Pendekatan berbasis alam menjadi salah satu kunci dalam perencanaan inovatif penanggulangan dampak negatif perubahan iklim, terutama di kawasan perkotaan. Perencanaan pembangunan kota yang menyelaraskan kesejahteraan, kesehatan masyarakat, dan lingkungan dapat tercapai dengan pendekatan solusi berbasis alam.
KOMPAS/NELI TRIANA
Salah satu sisi Tebet Ecopark, Sabtu (30/4/2022).
”Selain itu, kami (WRI Indonesia) juga meningkatkan kesadaran masyarakat dan pemerintah akan pentingnya hutan dan pohon, meningkatkan kapasitas kota dalam melakukan konservasi, restorasi, dan pengelolaan hutan di dalam kota, hutan dekat kota, dan hutan jauh dari kota,” kata Arief.
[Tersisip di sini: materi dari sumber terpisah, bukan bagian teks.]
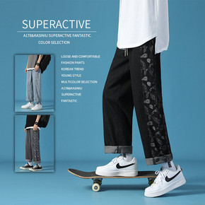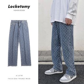 LKTM男装#腰果花牛仔裤男春季ns潮流拖地长裤宽...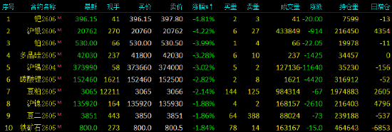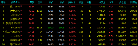 2026年3月16日,国内商品期货开盘,瓶片、沥青主力合约涨超4%,PVC、烧碱、聚丙烯涨超3%。沪银跌超4%,沪锡跌超3%,豆粕跌超2%。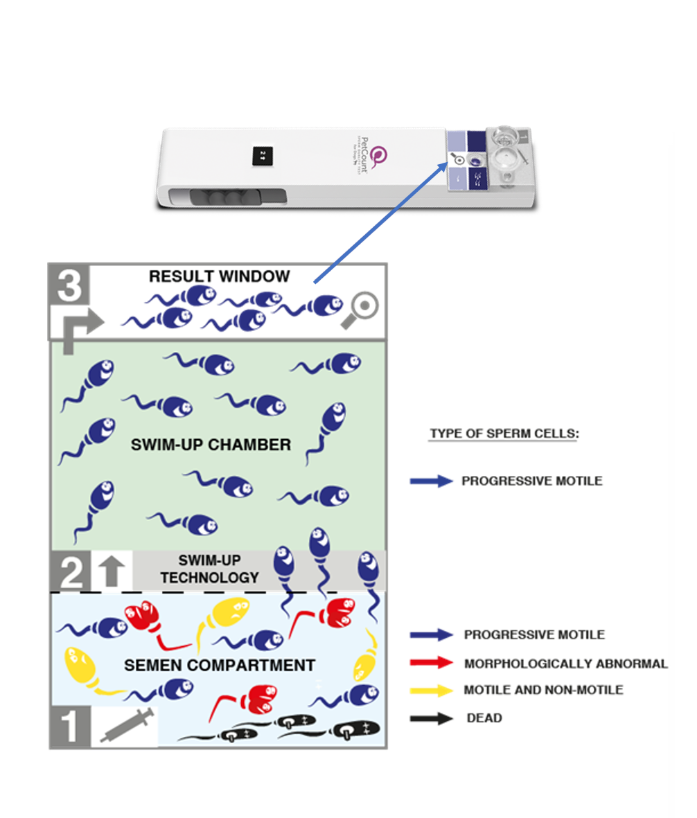 The PetCount device makes it possible to separate all the good swimmers, the Progressive Motile Sperm Cells (PMSCs) from the rest of the sperm population which include dead sperm cells, morphological abnormal sperm cells and motile but not the PMSCs.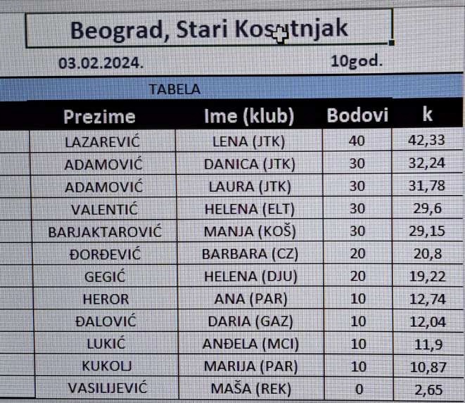 Детаљније Lena najbolja na OP Beograda (zeleni nivo) – devojčice – TK Stari Košutnjak, Beograd 03.02.-04.02.24.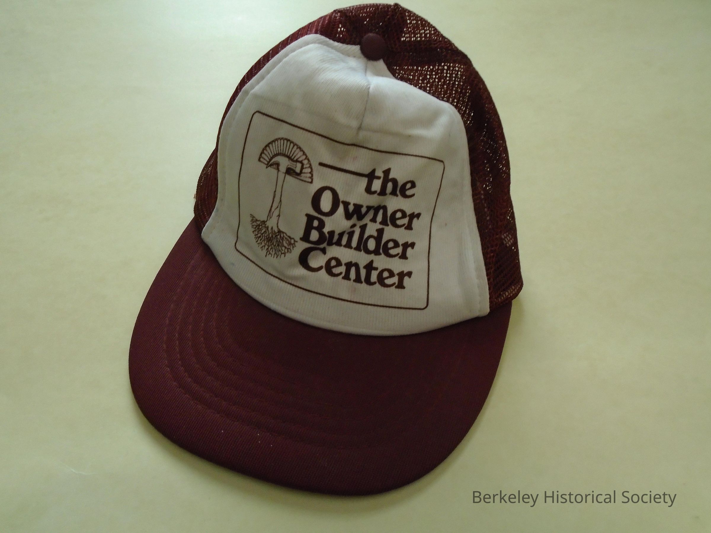 Brown and beige, cotton and synthetic, baseball cap. Back part is net. Plastic closure tab is broken. Picture of a hammer and "the Owner Builder Center" in front. The Owner Builder Center was founded in early 1970's and in 1992 became the Building Education Center. Located at 812 Page St.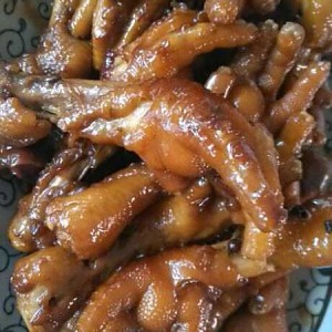 焯水的鸡爪沥干水,起油锅,放入姜片,花椒干辣椒等等的辅料暴香,下鸡爪翻炒

Keberadaan hutan dalam kota berdampak pada kualitas udara yang lebih baik serta mencegah banjir. Arief mencontohkan, Tebet Ecopark sebagai bukti pembangunan kota yang selaras dengan alam.
Tebet Ecopark dinilai berhasil memadukan fungsi ekologis dengan sosial dan rekreasi dilengkapi dengan naturalisasi sungai serta pembangunan area rawa sebagai kolam retensi. Penanaman vegetasi juga membuat taman menjadi rindang mengundang banyak masyarakat untuk datang.